# first timer to Hilton Grand Vacations Club on International Drive



## Banker (Mar 30, 2010)

This will be my first time to an Orlando area timeshare -- a girls week away trip......We will be doing Disney one day only...we wanted to do a park hopper pass but not sure where the best place to buy it.  We are passing on the rental car, doing a Go shuttle from MCO to HGVC..did not find out until after the reservation was made that it is operated by Mears(sp??) which we did not hear good things about, but we are going to be brave and chance it...we are two females 64 and 54....We want to visit the pool and the shopping...we are going to be in a one bedroom with a full kitchen....any advice as to which building to get...but I would think since it is an RCI exchange that we would not have the ability to be choosey.....my friend is allergic to down, I hope they don't have down bedding or we will have to request hypoallergenic bedding....our flight from Atlanta is on Delta, we arrive there Sunday, April 11th....but I own at Tropic Shores in Daytona(a 2 bedroom) and Club Land'Or in Nassau...any timeshare is more plush than that one, but we love the people at 'Landor.


----------



## logan115 (Mar 30, 2010)

Not sure how much you're going to save on a 1 day ticket buying from somewhere other than Disney.  I looked at undercovertourist.com and didn't see any 1 day ticket listings.  You may also want to check AAA.  I'm sure there are probably timeshare presentations you can go to and get a free ticket but not sure it's worth your time or not.  Others will chime in with other ideas, and I know there are some other reputably ticket brokers but that's all I can think of.

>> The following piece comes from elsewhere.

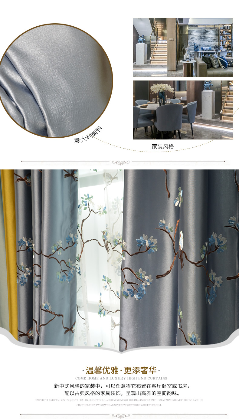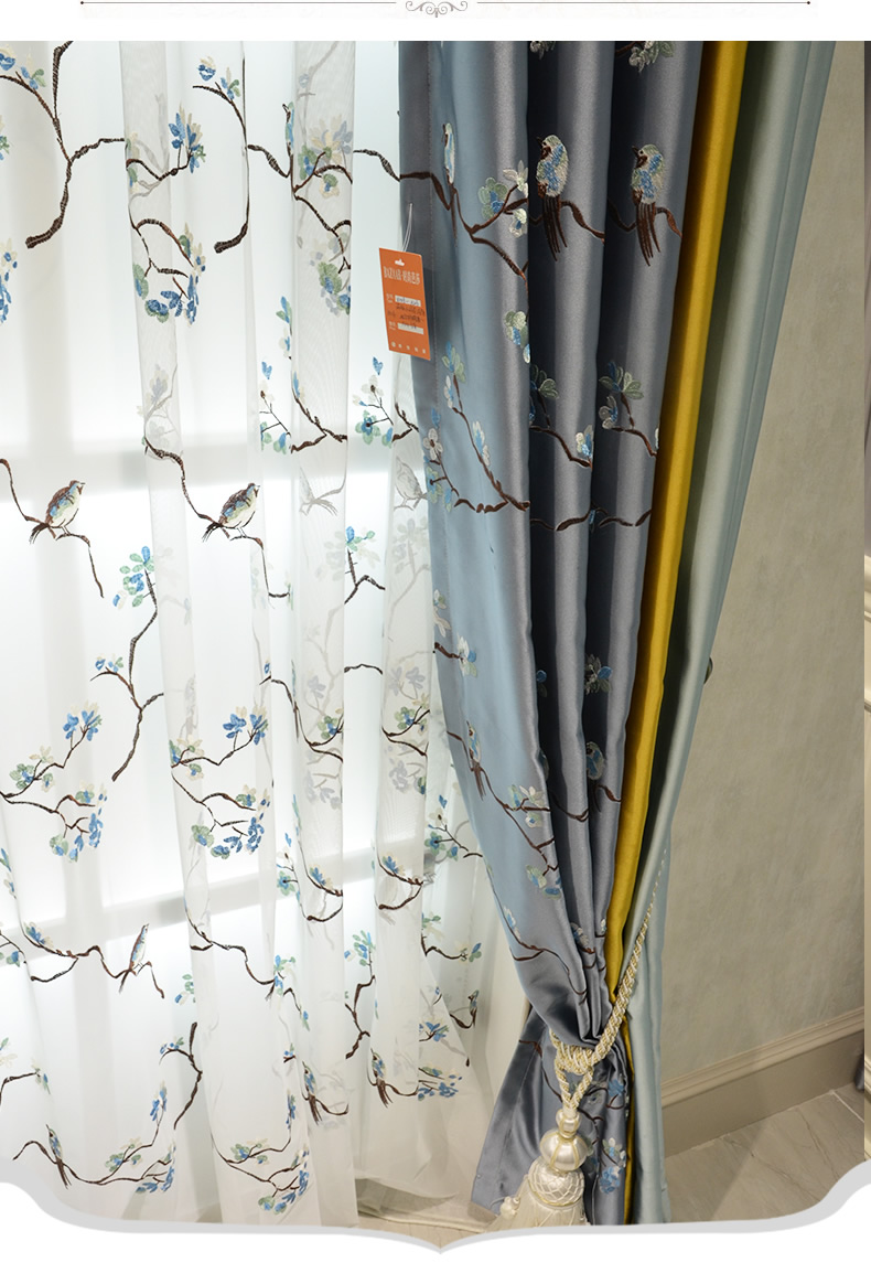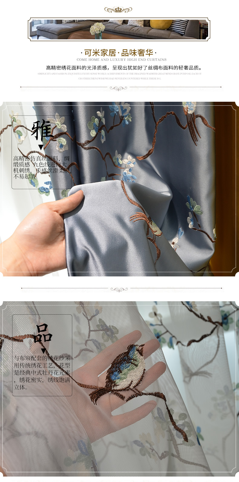 공장 가격 현대 새로운 중국 스타일 중국 스타일 접합 커튼 새로운 스타일 대기 수 놓은 접합 거실 침실 거즈 커튼 완제품스토어 가기

In terms of the Mears shuttles, if it makes you feel any better I think Disney outsources to them for at least some of the Disney's Magical Express services.

Enjoy your trip,

Chris


----------



## Sea Six (Mar 30, 2010)

That's a beautiful resort - just watch out for the employees driving the golf carts in the parking lot.  When we go to the Disney parks from there, we take International out to 536, then take 536 right into Disney (it becomes EPCOT center drive).  It might be a little longer than taking 535, but the traffic around the Crossroads area is horrific at times.  I think you should get a rental car.


----------



## spiceycat (Mar 30, 2010)

well across the street is a Publix plus other stores-it is a mall.

behind you is a big outlet mall

http://www.premiumoutlets.com/outlets/outlet.asp?id=17

so if shopping and one day at disney is all. 

that say would get a rental car for your one day at disney.

do you know how expensive a 1-day pass & park hopper will be. 

$84.14 + $55.38 = $129.52.

go here for the prices - http://www.mousesavers.com/wdwticketprices.html#myw


----------



## Sea Six (Mar 31, 2010)

We were there about 4 years ago.  We were in one of the buildings that was far from the main check-in building, and had a nice pool right out back:






The resort was very nice!


----------